What a difference one signing can make.
By inking All-Pro guard Evan Mathis to a one-year deal, the Denver Broncos showed why they are constantly a team to be feared in the John Elway/Peyton Manning era.
Make no mistake; it wasn’t so much that their erstwhile left guard, rookie Max Garcia, was doing a poor job. It was that the burden of having three first-year starters along the offensive line was too much to put on Peyton Manning as he learns a new system under Gary Kubiak and continues the twilight stages of his career.
The fact that Mathis is widely considered to be one of the top three guards in football didn’t hurt either.
But it’s not that the Broncos signed Mathis that’s surprising. Any fan with half a brain could see that the team had been on the lookout for offensive linemen for months since Ryan Clady went down, first bringing in Ryan Harris (currently the starter at right tackle) and then working out free agent Jake Long at the beginning of training camp.
No, the surprising part of the Mathis signing is the reaction that no one, least of all the present author, knew that they would have.
On Monday, this was a Broncos team in flux. A puzzlingly mediocre showing by the first team offense against the Houston Texans on Saturday night had fans worried.
“Stick to the system,” was the refrain from James Merilatt’s column on Monday, one that was echoed by numerous fans irritated with what initially looked like a hybrid offense being catered to Manning. And the Broncos did little to quell the notion that if the team was going to be markedly better than the past few years, it was going to be because of the coaching staff, because they weren’t better on paper.
Fast-forward to today and it’s amazing how the narrative has changed.
With the addition of Mathis, the new favorite stat in Broncos Country is that the team will boast 12 players on their roster who have been to a Pro Bowl in the last three seasons, and that doesn’t even include recent first round selections Bradley Roby and Shane Ray, both of whom figure to be major contributors in 2015.

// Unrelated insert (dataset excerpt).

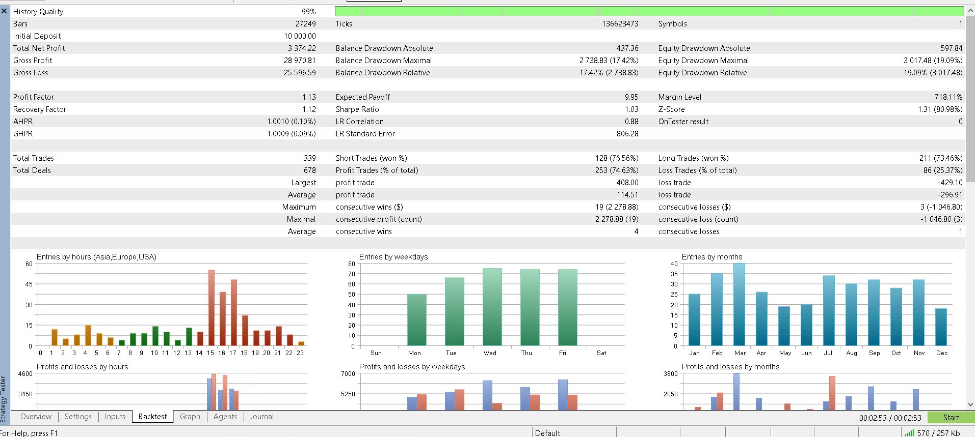 I even set the delay to the same value eventhough my strategy can't really be affected by it because it's a swing trading strategy. I checked the symbol parameters and they all align. I can't find a logical reason behind the difference. My strategy is based on a Hidden Markow Model regime detection system. Maybe the CPU may cause the difference, on one of my computers I have 2.8GHz intel core i7-7700HQ (this test performed better) and on the other I have 1.4 GHz Intel Celeron 2955U (this comouter is used basically as a VPN) I also want to add that I did not use any multithread logic. What's quite disturbing is that the difference is not marginal. On one computer I get a sharpe of 1.79, whereas on the other 1.06. I attached 2 screenshots so that you can compare the results yourself.

When you think about it, it’s not out of the question to discuss the idea that this is the most talent that the Broncos have ever had on paper at the beginning of a season (although a healthy Ryan Clady would probably be a better tipping point). But before Mathis’s signing on Tuesday, not a soul was making that argument.
So what changed?
On Monday, no one had seen anything over the weekend that made one think that Kubiak would reverse course on his assertion that the offensive line would stay together and jell as a unit. What’s more, everyone was optimistic that it wouldn’t be an issue. Yet on Tuesday when the signing was announced, it was as if the entire city breathed a collective sigh of relief.
The truth is, despite the bravado, Broncos fans have been wringing their collective hands over the offensive line since the aforementioned Clady injury. While everyone likes to believe that Peyton Manning can be a Band-Aid for a weak unit up front, at the end of the day we’re talking about a guy who is 39 years old and whose current explanation for a total departure from everything that had made his team’s offense click over the previous two-and-a-half seasons basically came back to a stomach bug he caught from his daughter. That’s not to disparage Manning’s abilities; it’s simply to say that he’s still only human. The celebration over Mathis’ arrival suggests that deep down even the most stubborn residents of Broncos Country must’ve known that to be true.
Broncos fans have been optimistic that this team was still all-in on and capable of competing for a Super Bowl. After acquiring Evan Mathis, they can instead be confident of that.
What a difference one signing can make.